Abbiamo parlato, nelle scorse puntate, delle analogie tra le “tre fiere” dell’Inferno e le “quattro bestie” rappresentate nel libro di Daniele, dicendo che la derivazione delle prime dalle seconde, sul piano figurativo, è evidente, mentre i significati sono certamente da considerarsi diversi. Ma quelli rappresentati in Daniele non sono propriamente dei “sogni”, quanto delle “visioni notturne”, presumibilmente in stato di veglia, o, perlomeno, di semi-coscienza. Certamente dei sogni, invece, sono quelli di Giuseppe e del Faraone, narrati nel libro della Genesi, e la loro importanza, com’è noto, è assolutamente cruciale nella storia di Israele. Senza la sua capacità di interpretare i sogni, Giuseppe non sarebbe stato liberato, non avrebbe potuto accogliere, perdonare e salvare i suoi fratelli, e assicurare così un futuro al suo popolo. Si può dire che Giuseppe è un anticipatore di Mosè, ma, mentre al secondo il Signore fece ascoltare direttamente la sua voce, al primo parla solo in un modo velato, attraverso dei sogni, perché non era ancora arrivato il momento della sua Rivelazione, che sarebbe avvenuta solo in seguito, sul Monte Sinai. Così come è in un sogno che Giacobbe vede la famosa scala che dalla terra porta al cielo, sulla quale salgono e scendono gli angeli (Gen. 28. 10-22). Un’immagine che certamente Dante ha avuto presente per la costruzione fantastica del suo viaggio, che conduce anch’esso dalla terra al cielo. Si può dunque dire che l’intero tragitto del poeta sia, anch’esso, un sogno, come quelli di Giuseppe e Giacobbe? O, magari, una visione, come quella di Daniele?
Cicerone, nel De divinatione, critica coloro che credono di scorgere dei messaggi divini nei sogni, affermando che nessuna visione apparsa nel sonno possa ritenersi proveniente dalla volontà degli dèi (2. 124-126). Ciò che noi vediamo da svegli, argomenta il retore, ci appare in modo chiaro e nitido, mentre quello che vediamo in sogno ci si rivela in forme oscure e confuse. Se gli dèi avessero voluto davvero aiutarci, mandandoci dei messaggi e dei segnali, non avrebbero fatto meglio a inviarceli quando siamo svegli, e siamo in grado di meglio comprenderli?
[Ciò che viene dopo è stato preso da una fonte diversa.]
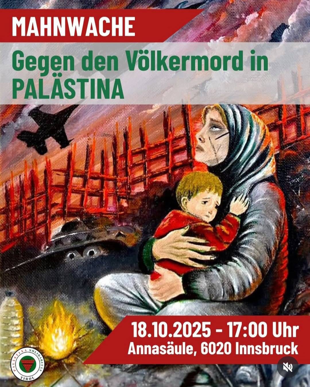 Mahnwache 18. 10, 2025, 17 Uhr, Annasäule, Innsbruck
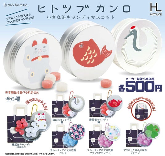 カンロ飴やピュレグミなどでおなじみのカンロ株式会社(本社:東京都新宿区、代表取締役社長 村田 哲也、以下 カンロ)は、株式会社ホットライン(本社:大阪府大阪市、代表者 楊 偉国、以下ホットライン)より発売するヒトツブカンロで大人気の「小さな缶キャンディ」シリーズを再現したカプセルトイ「ヒトツブカンロ 小さな缶キャンディマスコット」(1回500円・税10%込、全6種)を、2025年3月17日(月)より東急プラザ原宿「ハラカド」3Fにある情報発信拠点「カンロひとつぶ研究所」で発売いたします。また本商品は、全国のドリームカプセル株式会社(本社:愛知県名古屋市、代表取締役 都築 祐介、以下ドリームカプセル)の直営店舗でも3月3週目より順次発売予定です。
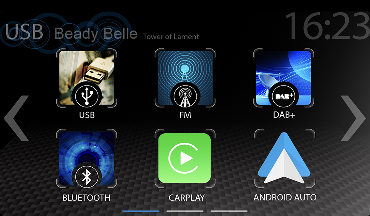 • Dvojitý tuner DAB+ s 18 předvolbami stanic a dynamickým seznamem rozhlasových stanic
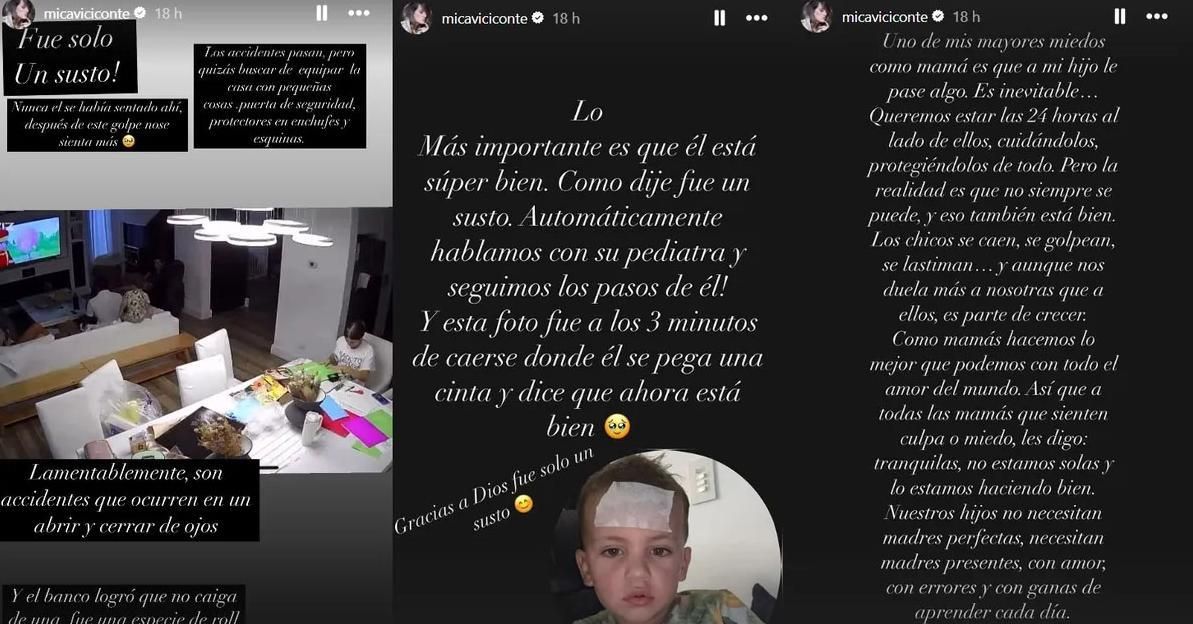 "¡Fue solo un susto! Nunca él se había sentado así, después de ese golpe no se sienta más. Los accidentes pasan, pero quizás buscar de equipar la casa con pequeñas cosas. Lamentablemente son accidentes que ocurren en un abrir y cerrar de ojos. Y el banco que no caiga de una, fue una especie de roll", explicó Mica Viciconte en sus historias de Instagram.

I sogni, perciò, non sono messaggi divini. Un’argomentazione, come si vede, non priva di logica, anche se freddamente razionalistica, che, applicata al poema dantesco, porterebbe a escludere l’idea del viaggio di Dante come un sogno. E, in effetti, ritengo che tale viaggio non possa essere paragonato a un sogno, né a una mera visione, ma non per le considerazioni di Cicerone. Nei sogni e nelle visioni, infatti, chi li vive o li riceve lo fa passivamente, semplicemente raccogliendo un messaggio che appare inviato da altri (siano essi gli dèi, gli spiriti dei defunti, il Dio unico, il subconscio o altro ancora). Non prende decisioni, non esercita una volontà, non dà giudizi, anche quando appare protagonista della scena. È solo uno spettatore, un recettore passivo. Dante, invece, è sempre un personaggio attivo, prende iniziative, sceglie chi interrogare e quali domande fare, elabora da solo, in piena autonomia, i giudizi morali su ciò di cui viene a conoscenza. Non si limita a ricevere un messaggio, ne manda anche, e tantissimi.
Bisogna ritenere, pertanto, che egli, dentro la selva oscura, si sia svegliato dal sonno che lo avvolgeva quando vi era entrato. Il suo è un viaggio fantastico, ma compiuto da una persona sveglia, perfettamente lucida, vigile e cosciente.